The number of sentences per student was purposely kept low, with only twenty sentences to be read and rated, to avoid frequent challenges encountered in repetitive tasks such as participants’ learning and a decline in their attention as the tasks progress (Kahneman, 1973). Still, a few students stopped rating before the end of the survey. Five student volunteers were additionally asked to complete more than a single survey of previously annotated sentences to obtain a high number of sentences with multiple annotations.
3.1.3. Resulting Dataset and Evaluation
After having completed data collection with a total of 193 students, each rating twenty out of the 1697 unique sentences, the dataset for the model was compiled. All annotations from students below the age of 16 and those who did not consent to the use of their data had to be removed to comply with data protection regulations. We extend the previously published dataset from our earlier study (Thome et al., 2024): the final dataset comprises 3954 annotated sentences, consisting of 794 sentences from the TextComplexityDE challenge as well as 3160 sentences from the study guides. The combination allows for the inclusion of generic sentences for which an assessment of their readability has already been available, as well as sentences that have been written specifically for teenagers to inform them about future study and career opportunities.

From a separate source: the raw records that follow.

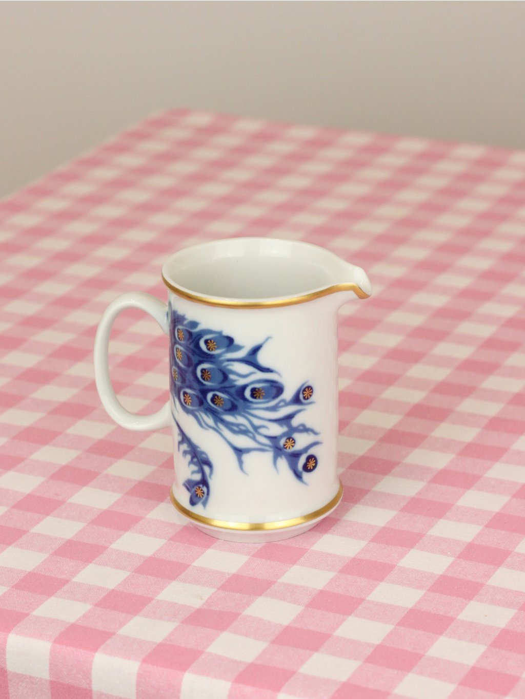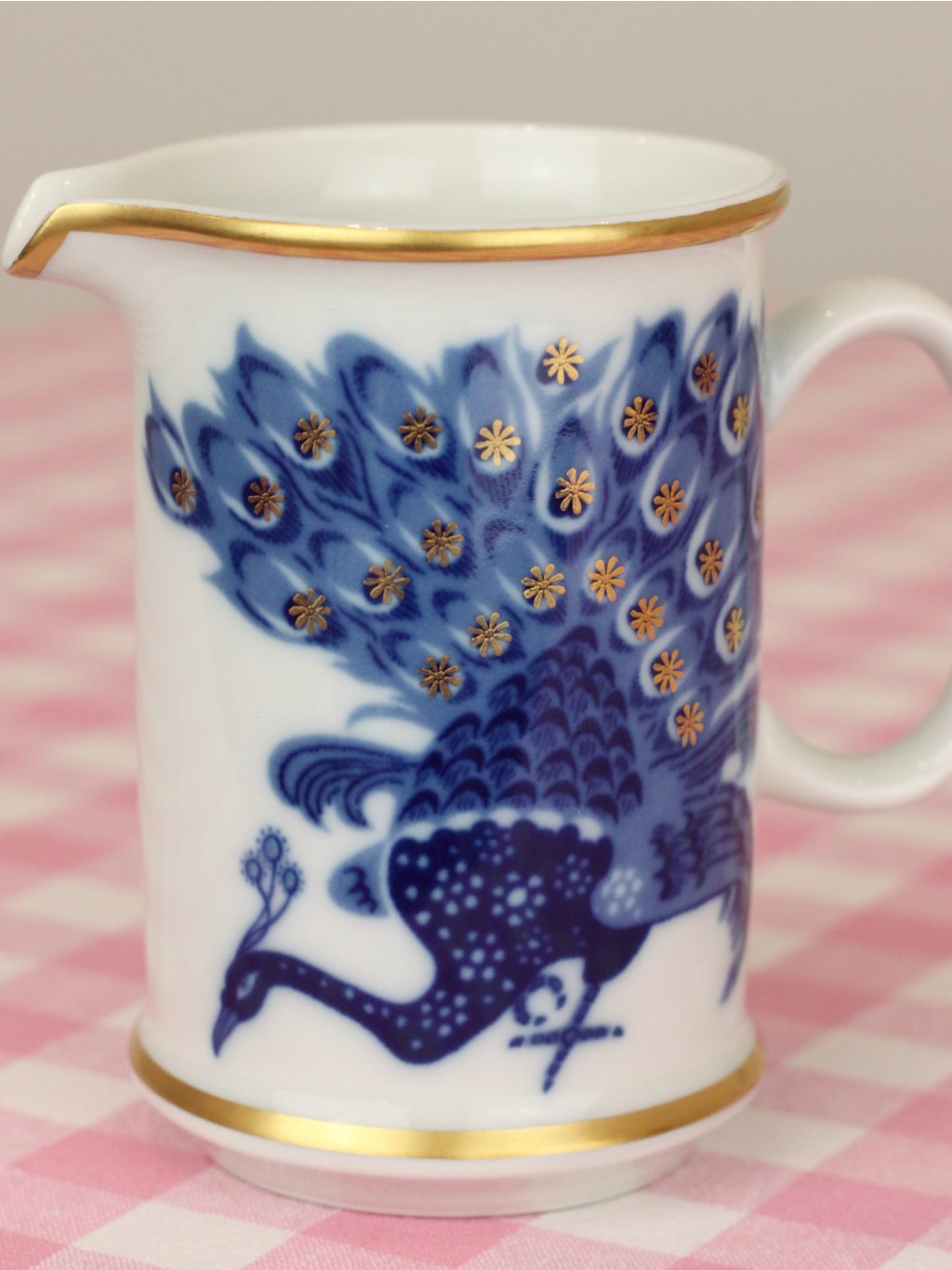 Milk jug with cobalt peacock motif and hand-painted gold stars from the Czechoslovakian porcelain factory Loučky from the Josefina collection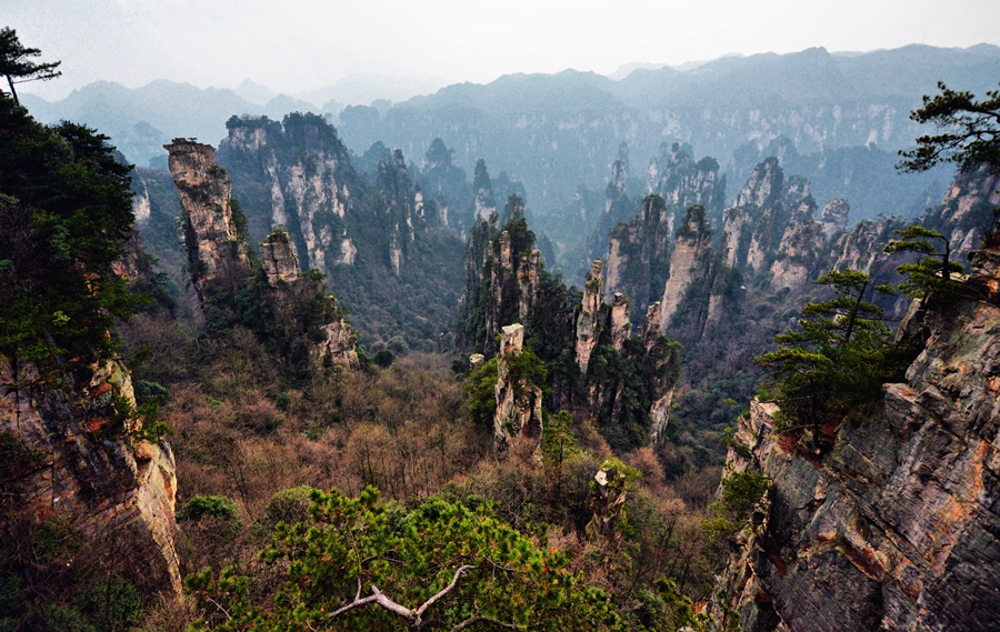 天子山景区,天子山原名青岩山,因古代土家族领袖向大坤率领当地农民起义自称“天子”而得名,武陵源的四大景区之一。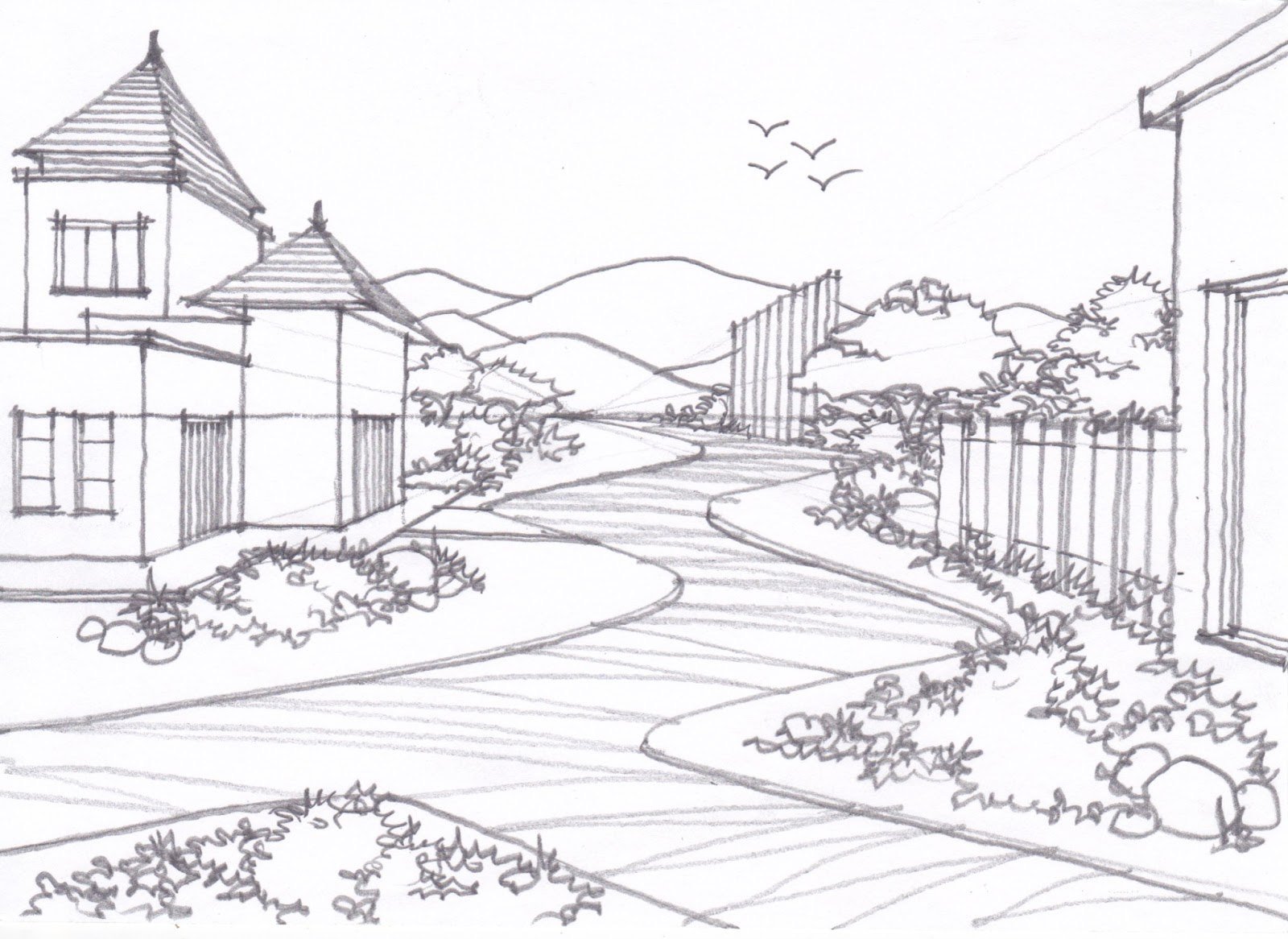 Ландшафтный эскиз карандашом

Figure 1 illustrates the distribution of FRE scores of the sentences in comparison to the students’ actual annotations. To match the labels of our survey, we defined FRE value ranges in increments of 20 that reach from very easy to very difficult. The figure shows that the majority of sentences are more complex (indicated by a lower FRE score) than what would be suitable for high school students (FRE score of 60 to 80). When comparing the FRE distribution to the student-assigned ratings, we notice an opposite distribution with a high level of imbalance (see Figure 1): the students rated 46.7% of the sentences as very easy, 26.1% as easy, 18.1% as medium, 6.5% as difficult, and 2.6% as very difficult. The distribution of complexity ratings is heavily skewed towards the easier end of the spectrum. A significant majority of the students (72.8%) labelled the sentences as very easy to easy, indicating that most students perceive the sentences to be of low difficulty – despite their occasionally high linguistic complexity as indicated by the low FRE scores.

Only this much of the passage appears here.